That would be me. I stand behind my plan for the simple reason that we have no effective representation. You just don't know what a real large rural riding is.
Which I linked back to. And I agree, there isn't effective representation. It has nothing to do with "large rural areas" vs "urban areas". It has everything to do with rural areas voting one way and urban voting another based on lifestyles, preferences and lack of the other parties being able to prove that they can do just as well as the standard/usual party elected (urban usually goes Liberal, so Cons proving they can be just as good representational wise to urban people, for example. And Liberals showing rural areas that they're not just for the "rich urbanites".)
Wrong. It does not mean multiple votes for one person.
And yet, that's what you said.
""We could easily level the playing field by giving large rural ridings extra votes based on either sq. Km. (extra votes would mean more votes per person in that area) Or number of communities represented (again, extra votes per person based on population per community which would further break down into who exactly gets to have the extra votes?).""
MPs are still elected the same way.
Then what would be the difference/change?
And I specified LARGE rural ridings.
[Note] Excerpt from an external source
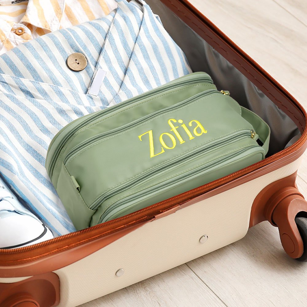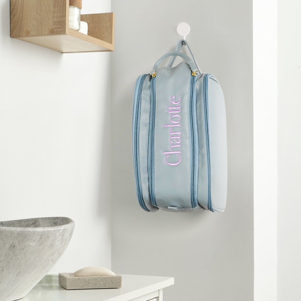 Este neceser de maquillaje presenta un diseño estilizado y elegante. El diseño sencillo y suave del bordado le da una impresión tranquila y clásica. También puede personalizar su nombre en la parte superior del bolso para mostrar su personalidad. Además, hay 4 colores de bolso y 27 colores de fuente que puede adquirir según sus preferencias.

Not your little suburban areas.
"Little suburban areas".
Yeah... pretty sure there aren't any of those around here. We have urban areas, and rural areas.
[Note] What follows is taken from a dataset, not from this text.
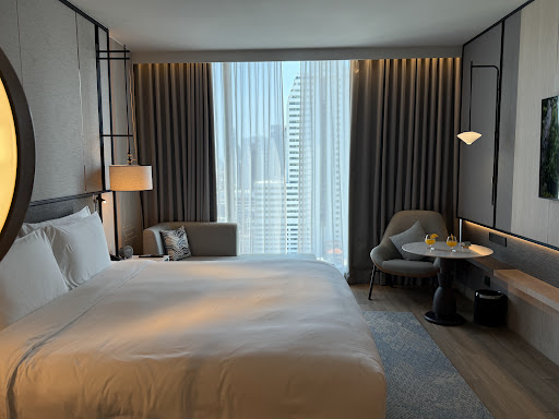 🛏 Room & Comfort – I stayed in the Deluxe King Room, which was beautifully designed with a stylish and cozy ambiance. The bed was exceptionally comfortable, and I loved how the partition in the bathroom area made the space feel more open and seamless. Plus, the city view from the window was stunning, especially at sunset!
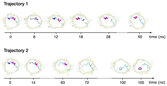 In search of other possible structures explaining VDAC closed states, we also identified a few aMD trajectories whereby the N-terminal tail was able to unfold and refold into a helical pattern different from that of the crystal structure. This was observed for two trajectories: the first one (trajectory 1) was extracted from aMD at +40 mV (conformational landscape provided in Figure 2), while the second one (trajectory 2) was obtained from short additional aMD using a stronger biasing potential to guarantee complete unfolding of the N-terminus. Both trajectories are displayed in Figure 6, starting from the 3EMN crystal structure and ending at the conformer with refolded N-terminus. Trajectory 1 was characterized by the refolding of the Y7-D9 310-helix into a long α-helix, including residues L10 to K12. Such a transition goes along with the loss of helical structure for residues K12 to T19. Notably, the refolded structure had residues Y7 to D9 positioned similarly to the crystal structure (RMSD = 0.66 Å), which also explained the PC coordinates used to plot Figure 2, which account for large movements of the N-terminus, could not properly highlight this new state. Alternatively, Trajectory 2 involved the detachment of residues Y7-R15 from the barrel and subsequent unfolding of the long helix. Subsequently, residues Y7 to D9 were found to refold into a new α-helical structure via the interaction with barrel residues located on the wall opposite to where the N-terminus was initially positioned (H-bonds with E59, R63 and K96).

Think Yukon and NWT and the large ridings in the western provinces.
I actually was when considering your post and the area you're talking about. Even looked into it if you look at the original reply/breakdown.
I never came up with a specific number, but think along the lines of more than 2 hr drive from one end of the riding to the other end, or more than 10 communities represented.
Oh now see, now you're really clarifying which you hadn't done yet.
But still "more votes" would mean people getting more than one vote.
Perhaps smaller when the only access is by boat or air. I would support the same provincially, because the problem is the same. There is effectively no representation outside large urban centers.
But there is representation. Each area is represented equally, it's just that the people VOTE differently from urban to rural areas.
The actual issue isn't the areas themselves, it's who the people vote for, why they vote that way, and the other side not doing a good enough job to tell people why they should be voted for. And it's also dependent on whether it's federal or provincial politics.
Federally, my riding always ends up voting Liberal regardless, because French people = Liberal in NB.
Provincially this same riding is divided smaller (of course) and suddenly while the French area votes Liberal almost always, sometimes the more English part of it now gets more of a say and we've gone Liberal, Con AND Green (currently, and she's actually been the best MLA we've had for decades).
I think the riding size is 75K per riding. If you want smaller ridings, you would make it lets say 35K per riding. This would virtually double the number of sitting MPs from all regions. Yes they will be more responsive when dealing with local constituents but now a days this is such a small part of their job. Do we really need twice as many freeloaders sucking the government tit?
If you are trying to say ridings in different areas should be treated differently, no. We already have Quebec for that. We don't need more whiners.
Exactly.
Although I'd put in that even the smaller ridings wouldn't mean greater chances for people's voices/votes to matter. It'd still, as you said, just make more MP's but not necessarily fix the actual problems of people mattering.